# Charging Your Glow Jigs



## Burksee (Jan 15, 2003)

I currently have a flash off a 35m camera, picked it up at a garage sale for $2.00, got another one at a flea market for $5.00 that I passed along to a friend. I've heard people using the flasher out of disposable cameras before to. Might have to try the key ring one LED, I've got one of those in the junk drawer! 



gillcommander said:


> One of these......does the job perfect every time!!
> 
> http://www.customjigsandspins.com/icefishing/accessories/flashlight.html


Thanks! I've got the $.99 model from Harbor Freight, I'll have to throw it in the tackle bag and give it try.


----------



## Bob D (Aug 23, 2006)

The sun works best. Even on overcast days.
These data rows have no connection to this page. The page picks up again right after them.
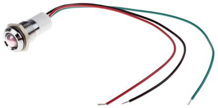 This is Prominent Indicator LED wires Panel Mount 14mm Mounting Hole Size Red/Green/Yellow LED Lead Wires Termination manufactured by RS Pro. The manufacturer part number is Q14P3CZZRYG12E. Regarding light output colour, it outputs red/green/yellow light colour. Its lamp is 10 mm in size . In addition, It features 14mm of mounting hole size. It is IP rated with ip67. Furthermore, the bezel has a classic chrome colour. Moreover, the product has a nominal 12 v dc voltage rating. The given intensity of the product is 50 (green) mcd, 50 (yellow) mcd, 80 (red) mcd. Its accurate length is 28.75 mm. The bezel features a prominent style. The product is designed with a lead wires termination. The product has a current rating of 20 ma. It is a type of led lamp. It comes in panel mount configuration.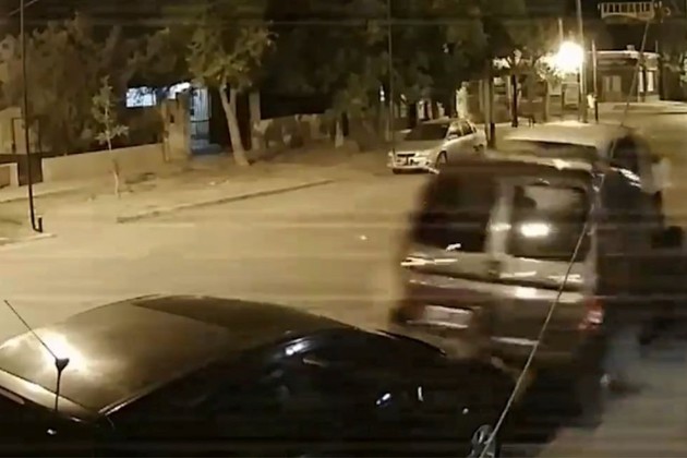 Según se ve en las cámaras, una camioneta Volkswagen Amarok, que circulaba a gran velocidad antes de las 2:00 horas aproximadamente, se cruzó de carril e impactó de frente contra la trompa de una camioneta. Fue tal la fuerza con la que la embistió al vehículo que lo levantó en el aire e hizo que éste quedará por encima de otro y chocara contra un tercer auto estacionado detrás.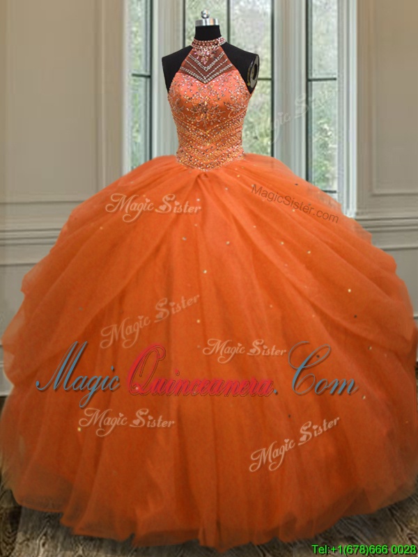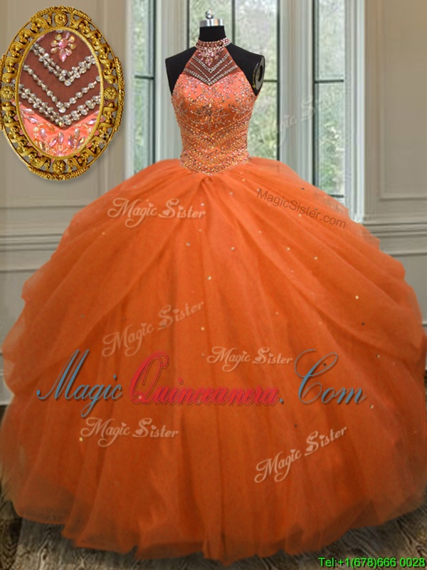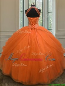 Excellent Halter Top Floor Length Ball Gowns Sleeveless Orange Red Quinceanera Dresses Lace Up

Of course it isn't available at night.


----------



## Boardman Brookies (Dec 20, 2007)

Pikeski22 said:


> If you have a smartphone, a quick zap from your flashlight app (point blank range) will work.
> 
> 
> Posted using Outdoor Hub Campfire


This works for me!


----------



## Brown duck (Dec 16, 2005)

When and where I fish, glow jigs and spoons are the name of the game. I did not know there was such a thing as a UV flashlight and that they were so cheap - I'll have one very soon!


----------



## Chrome steel (Apr 6, 2003)

matinc said:


> I dont take the time nor worry about it. My jigs have very little glow on them and frankly I dont want them to glow. If your telling me something in the water swims and has glow on it then please show me it. Its not natural and you will catch more fish with a natural jig then having a neon sign underwater. Every second you waste charging your jig, my lure is going up or down or fishing. My record last year was 25 keeps in 52 minutes.


Do you fish crappie at night? Big difference fishing with glow at night catch rates improve.


----------



## Bubbalouie (Feb 20, 2010)

MSUSPARTANPRIDE said:


> How do you charge your glow jigs? Ive heard everything to leaving them out in the light to using a blacklight flashlight to using a Independent flash for photography...Id love to know what works best for you guys..Thanks
> 
> 
> Tight Lines & Be Safe Out There


Rapala Mini Charge'n Glow - Cabela's for about $15 or less.... Takes 1 AAA battery and works well.


----------



## sswhitelightning (Dec 14, 2004)

Chrome steel said:


> Do you fish crappie at night? Big difference fishing with glow at night catch rates improve.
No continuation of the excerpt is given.